- [SUPPLIED DATA]:
-------

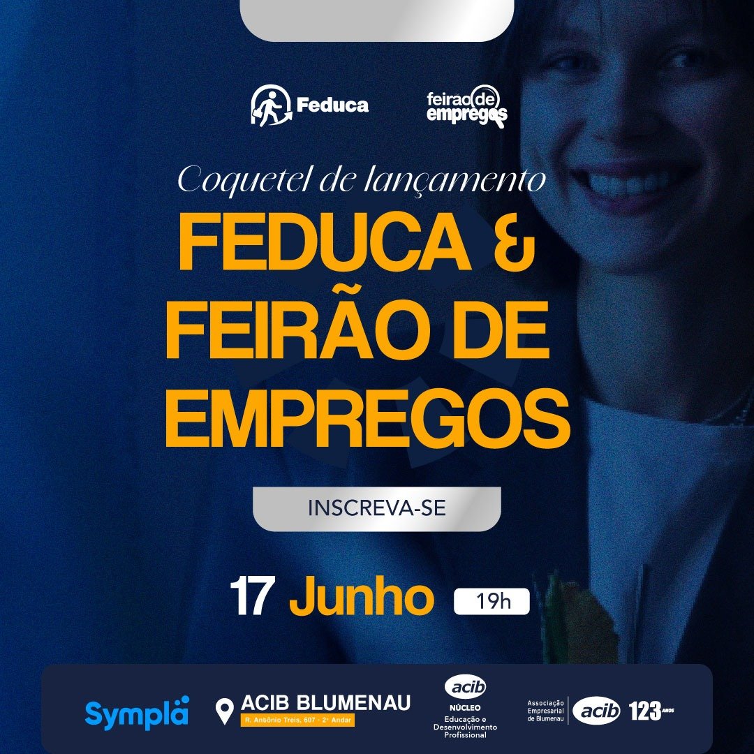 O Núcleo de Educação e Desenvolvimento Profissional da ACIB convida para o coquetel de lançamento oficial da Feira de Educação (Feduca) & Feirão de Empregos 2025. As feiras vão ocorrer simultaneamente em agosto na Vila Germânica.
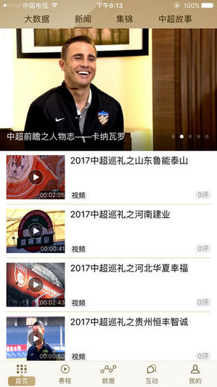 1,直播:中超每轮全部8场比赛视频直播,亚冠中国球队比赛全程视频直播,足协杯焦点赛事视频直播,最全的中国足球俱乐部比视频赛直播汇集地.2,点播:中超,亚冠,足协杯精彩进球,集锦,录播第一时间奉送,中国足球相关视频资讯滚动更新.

-------

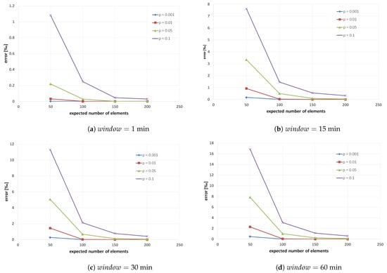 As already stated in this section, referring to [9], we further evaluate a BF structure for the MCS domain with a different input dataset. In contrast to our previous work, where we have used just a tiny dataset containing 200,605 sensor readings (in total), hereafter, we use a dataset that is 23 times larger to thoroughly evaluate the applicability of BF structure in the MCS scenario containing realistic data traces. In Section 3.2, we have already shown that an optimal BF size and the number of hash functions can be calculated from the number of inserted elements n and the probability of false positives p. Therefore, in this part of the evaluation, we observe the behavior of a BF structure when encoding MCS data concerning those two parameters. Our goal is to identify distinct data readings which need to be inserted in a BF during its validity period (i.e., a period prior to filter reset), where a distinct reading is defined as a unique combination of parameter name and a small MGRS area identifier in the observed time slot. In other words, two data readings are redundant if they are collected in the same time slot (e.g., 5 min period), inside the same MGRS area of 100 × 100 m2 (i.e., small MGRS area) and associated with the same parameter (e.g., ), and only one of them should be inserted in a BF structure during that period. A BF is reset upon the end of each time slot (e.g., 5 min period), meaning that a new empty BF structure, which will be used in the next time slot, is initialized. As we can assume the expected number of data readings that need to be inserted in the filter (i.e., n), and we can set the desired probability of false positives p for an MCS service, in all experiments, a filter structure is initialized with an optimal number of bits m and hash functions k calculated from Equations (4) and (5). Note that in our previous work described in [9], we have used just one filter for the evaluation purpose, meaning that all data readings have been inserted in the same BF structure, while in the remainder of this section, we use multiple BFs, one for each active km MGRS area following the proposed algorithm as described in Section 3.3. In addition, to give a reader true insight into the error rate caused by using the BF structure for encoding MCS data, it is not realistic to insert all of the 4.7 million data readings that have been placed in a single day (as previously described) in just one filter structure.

-------

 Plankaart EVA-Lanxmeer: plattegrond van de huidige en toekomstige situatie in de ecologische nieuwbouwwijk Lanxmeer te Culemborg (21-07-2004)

-------

- [PROBLEM DETAILS]: To complete this exercise, transcribe exactly the lines above from the one that holds "O Núcleo de" through the one that holds "1,直播:中超每轮全部8场比". Pictures stay out.

- [RESPONSE TO THE EXERCISE]:
 O Núcleo de Educação e Desenvolvimento Profissional da ACIB convida para o coquetel de lançamento oficial da Feira de Educação (Feduca) & Feirão de Empregos 2025. As feiras vão ocorrer simultaneamente em agosto na Vila Germânica.
 1,直播:中超每轮全部8场比赛视频直播,亚冠中国球队比赛全程视频直播,足协杯焦点赛事视频直播,最全的中国足球俱乐部比视频赛直播汇集地.2,点播:中超,亚冠,足协杯精彩进球,集锦,录播第一时间奉送,中国足球相关视频资讯滚动更新.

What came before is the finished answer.